**Exercise instructions**
An exact copy of every record is needed, with all pictures omitted.
[Data provided — start]
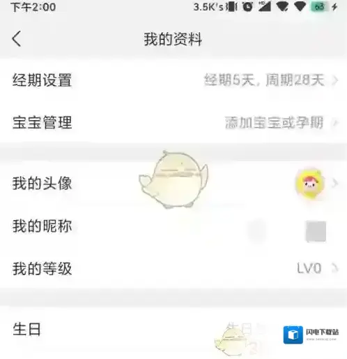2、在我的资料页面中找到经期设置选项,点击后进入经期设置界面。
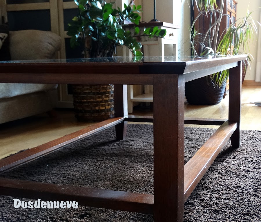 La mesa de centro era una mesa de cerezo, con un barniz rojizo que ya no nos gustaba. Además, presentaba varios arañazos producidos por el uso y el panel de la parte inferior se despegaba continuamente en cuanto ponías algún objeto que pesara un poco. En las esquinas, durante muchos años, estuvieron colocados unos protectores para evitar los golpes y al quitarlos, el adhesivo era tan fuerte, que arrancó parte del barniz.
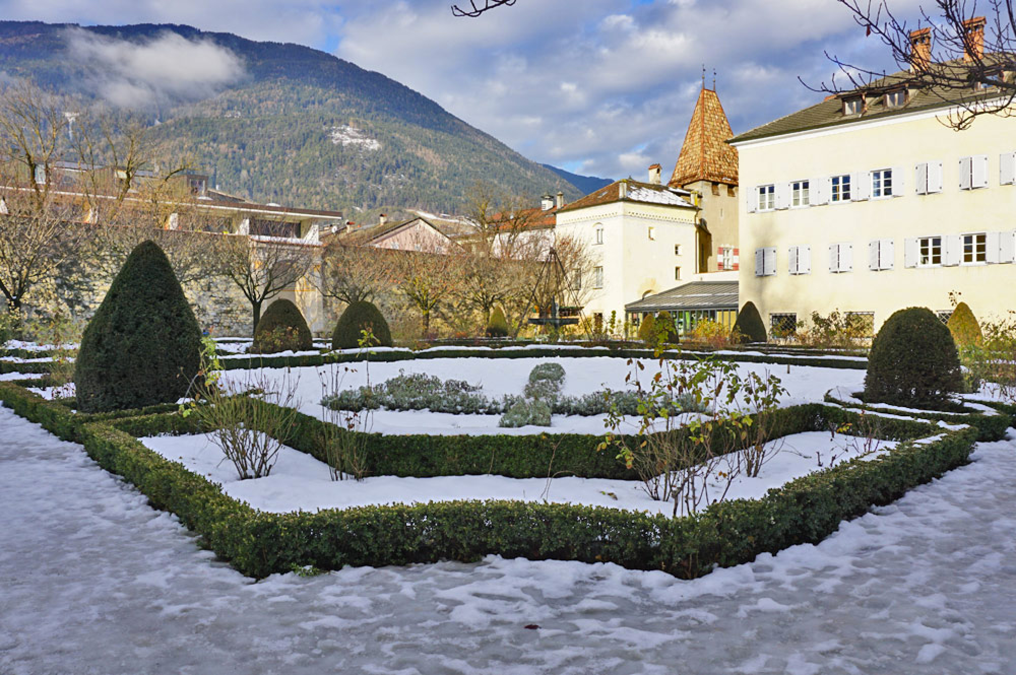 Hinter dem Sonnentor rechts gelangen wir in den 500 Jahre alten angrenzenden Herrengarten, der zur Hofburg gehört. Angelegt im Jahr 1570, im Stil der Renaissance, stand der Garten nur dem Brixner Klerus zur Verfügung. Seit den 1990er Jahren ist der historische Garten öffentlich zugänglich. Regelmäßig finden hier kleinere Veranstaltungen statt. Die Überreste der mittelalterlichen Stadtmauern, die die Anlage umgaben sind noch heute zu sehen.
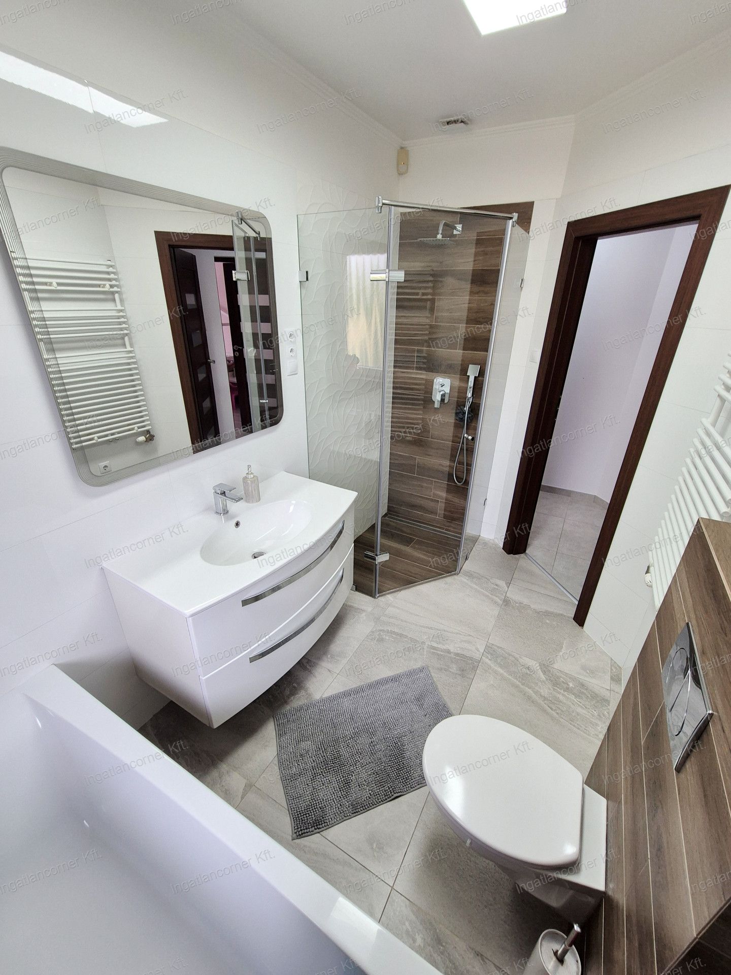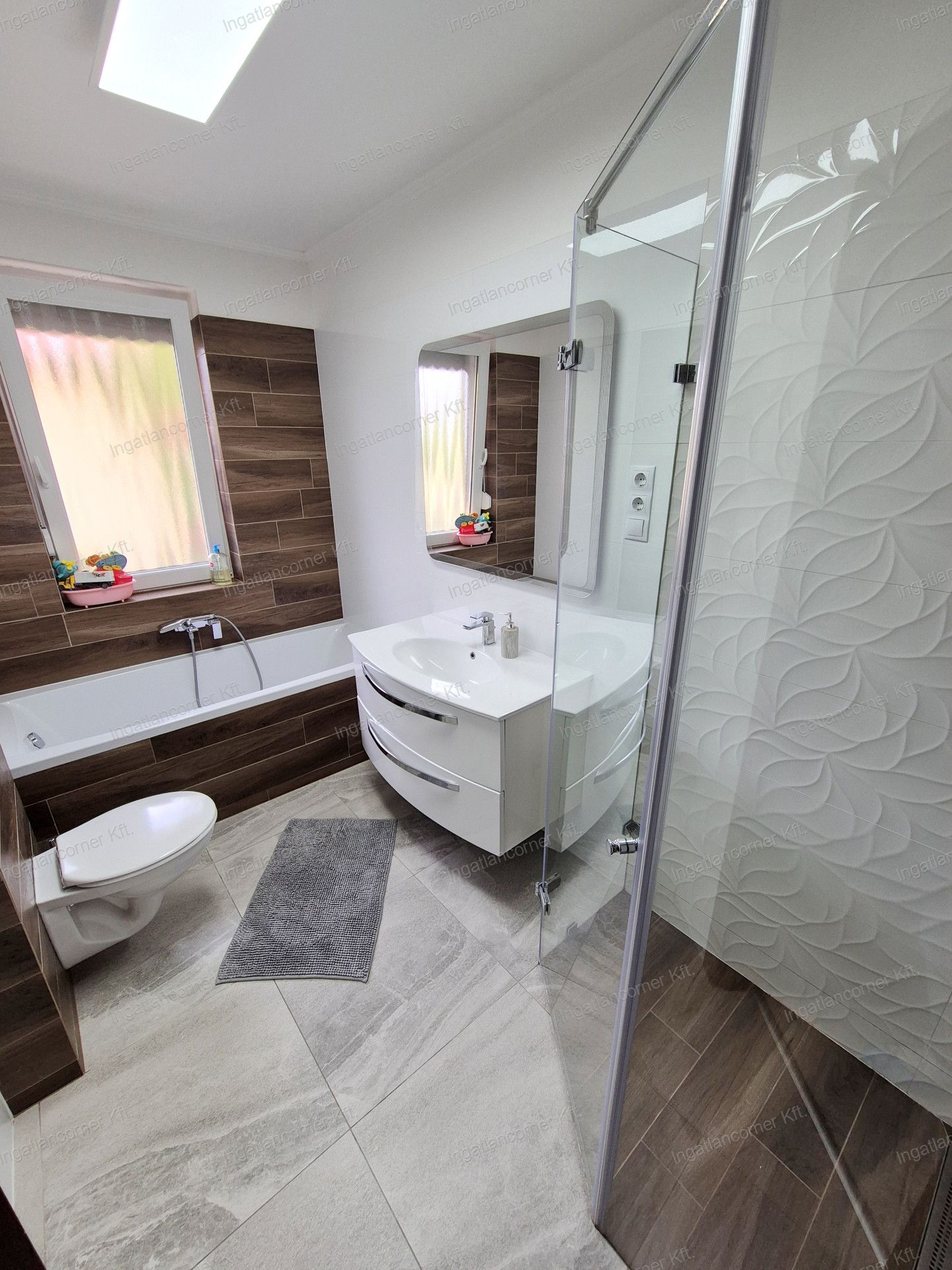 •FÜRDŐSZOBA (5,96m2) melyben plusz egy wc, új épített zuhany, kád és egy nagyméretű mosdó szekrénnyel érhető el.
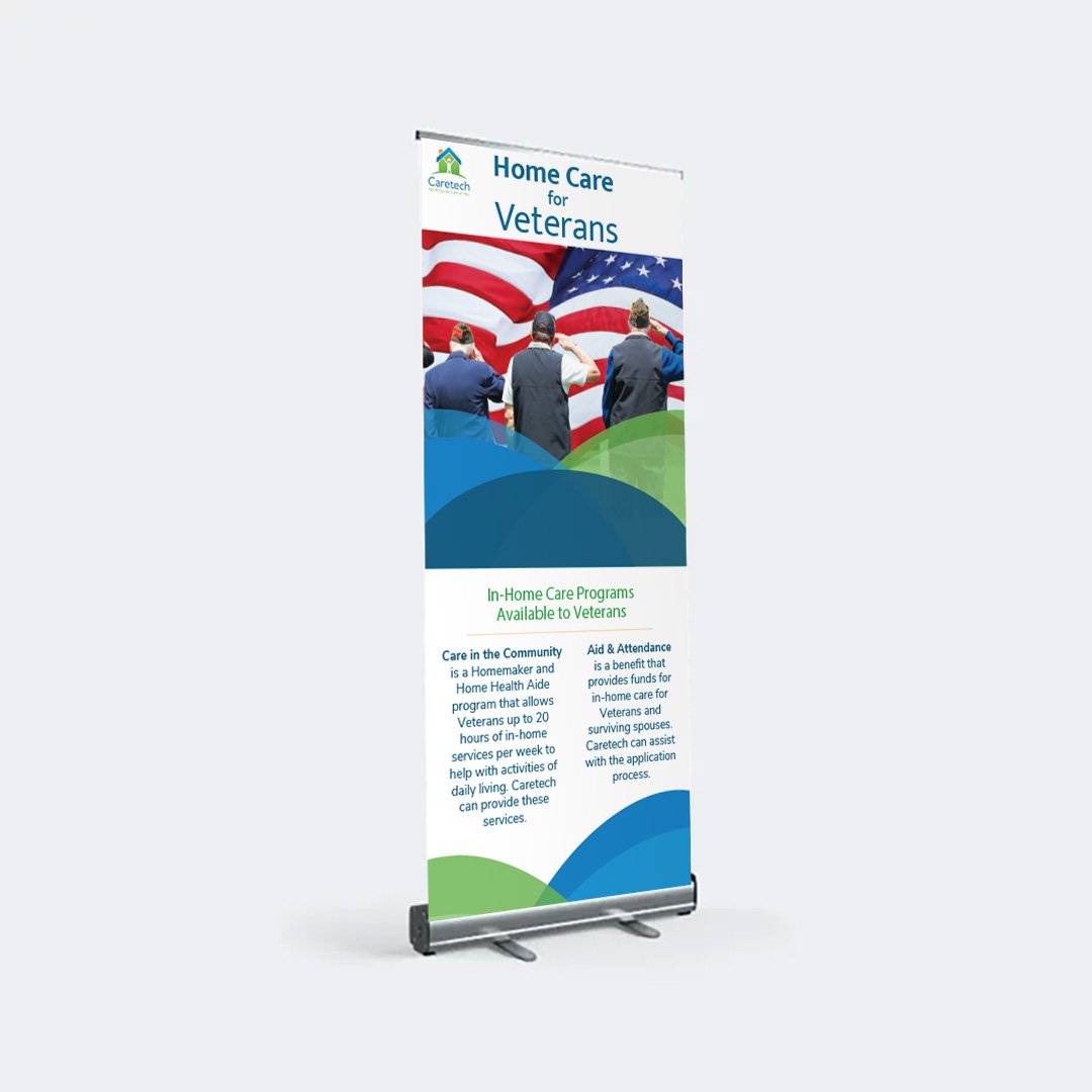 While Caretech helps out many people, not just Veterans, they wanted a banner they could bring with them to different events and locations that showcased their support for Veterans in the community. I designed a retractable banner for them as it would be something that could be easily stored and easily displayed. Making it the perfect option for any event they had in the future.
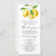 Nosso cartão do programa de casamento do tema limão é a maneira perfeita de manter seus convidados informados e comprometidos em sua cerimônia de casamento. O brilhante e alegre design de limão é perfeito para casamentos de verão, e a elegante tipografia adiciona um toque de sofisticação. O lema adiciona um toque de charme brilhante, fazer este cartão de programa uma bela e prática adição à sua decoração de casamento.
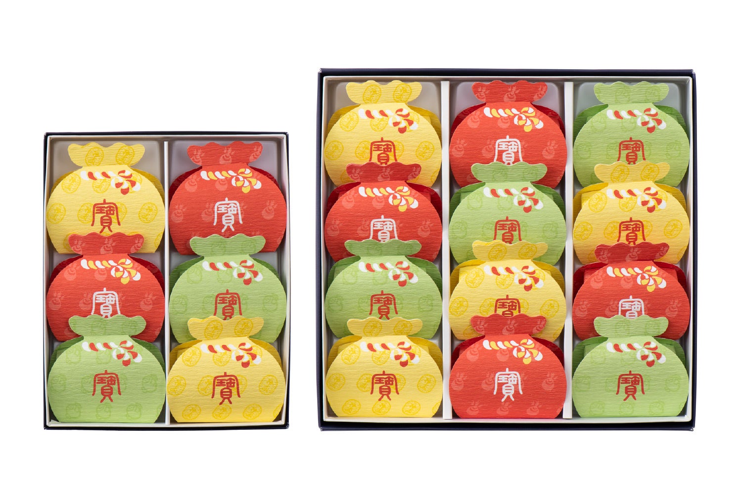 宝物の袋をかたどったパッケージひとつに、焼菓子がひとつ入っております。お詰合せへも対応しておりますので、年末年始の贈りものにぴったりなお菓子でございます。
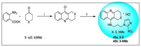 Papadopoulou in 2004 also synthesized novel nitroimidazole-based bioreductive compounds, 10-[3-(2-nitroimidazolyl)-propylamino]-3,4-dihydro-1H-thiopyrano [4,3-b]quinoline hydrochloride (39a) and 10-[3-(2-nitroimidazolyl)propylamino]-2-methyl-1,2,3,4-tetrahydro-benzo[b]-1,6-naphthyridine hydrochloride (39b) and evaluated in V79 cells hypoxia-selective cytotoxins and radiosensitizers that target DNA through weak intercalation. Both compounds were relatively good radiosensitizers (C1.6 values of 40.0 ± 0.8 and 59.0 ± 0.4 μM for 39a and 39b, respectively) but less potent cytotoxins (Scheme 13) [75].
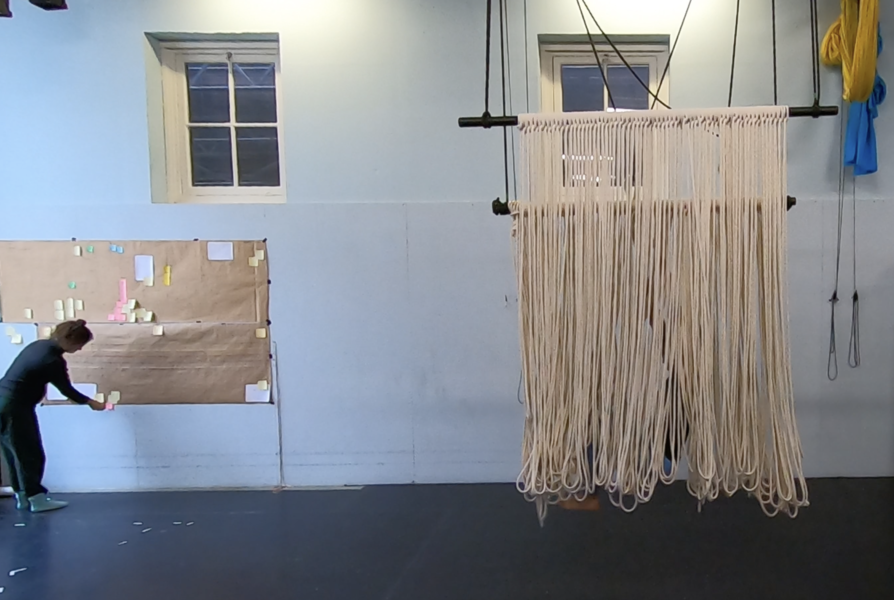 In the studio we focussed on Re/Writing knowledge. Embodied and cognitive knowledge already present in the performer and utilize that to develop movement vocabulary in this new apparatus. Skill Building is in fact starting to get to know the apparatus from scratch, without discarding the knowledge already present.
[Data provided — finish]
**Solution to the problem**
2、在我的资料页面中找到经期设置选项,点击后进入经期设置界面。
 La mesa de centro era una mesa de cerezo, con un barniz rojizo que ya no nos gustaba. Además, presentaba varios arañazos producidos por el uso y el panel de la parte inferior se despegaba continuamente en cuanto ponías algún objeto que pesara un poco. En las esquinas, durante muchos años, estuvieron colocados unos protectores para evitar los golpes y al quitarlos, el adhesivo era tan fuerte, que arrancó parte del barniz.
 Hinter dem Sonnentor rechts gelangen wir in den 500 Jahre alten angrenzenden Herrengarten, der zur Hofburg gehört. Angelegt im Jahr 1570, im Stil der Renaissance, stand der Garten nur dem Brixner Klerus zur Verfügung. Seit den 1990er Jahren ist der historische Garten öffentlich zugänglich. Regelmäßig finden hier kleinere Veranstaltungen statt. Die Überreste der mittelalterlichen Stadtmauern, die die Anlage umgaben sind noch heute zu sehen.
 •FÜRDŐSZOBA (5,96m2) melyben plusz egy wc, új épített zuhany, kád és egy nagyméretű mosdó szekrénnyel érhető el.
 While Caretech helps out many people, not just Veterans, they wanted a banner they could bring with them to different events and locations that showcased their support for Veterans in the community. I designed a retractable banner for them as it would be something that could be easily stored and easily displayed. Making it the perfect option for any event they had in the future.
 Nosso cartão do programa de casamento do tema limão é a maneira perfeita de manter seus convidados informados e comprometidos em sua cerimônia de casamento. O brilhante e alegre design de limão é perfeito para casamentos de verão, e a elegante tipografia adiciona um toque de sofisticação. O lema adiciona um toque de charme brilhante, fazer este cartão de programa uma bela e prática adição à sua decoração de casamento.
 宝物の袋をかたどったパッケージひとつに、焼菓子がひとつ入っております。お詰合せへも対応しておりますので、年末年始の贈りものにぴったりなお菓子でございます。
 Papadopoulou in 2004 also synthesized novel nitroimidazole-based bioreductive compounds, 10-[3-(2-nitroimidazolyl)-propylamino]-3,4-dihydro-1H-thiopyrano [4,3-b]quinoline hydrochloride (39a) and 10-[3-(2-nitroimidazolyl)propylamino]-2-methyl-1,2,3,4-tetrahydro-benzo[b]-1,6-naphthyridine hydrochloride (39b) and evaluated in V79 cells hypoxia-selective cytotoxins and radiosensitizers that target DNA through weak intercalation. Both compounds were relatively good radiosensitizers (C1.6 values of 40.0 ± 0.8 and 59.0 ± 0.4 μM for 39a and 39b, respectively) but less potent cytotoxins (Scheme 13) [75].
 In the studio we focussed on Re/Writing knowledge. Embodied and cognitive knowledge already present in the performer and utilize that to develop movement vocabulary in this new apparatus. Skill Building is in fact starting to get to know the apparatus from scratch, without discarding the knowledge already present.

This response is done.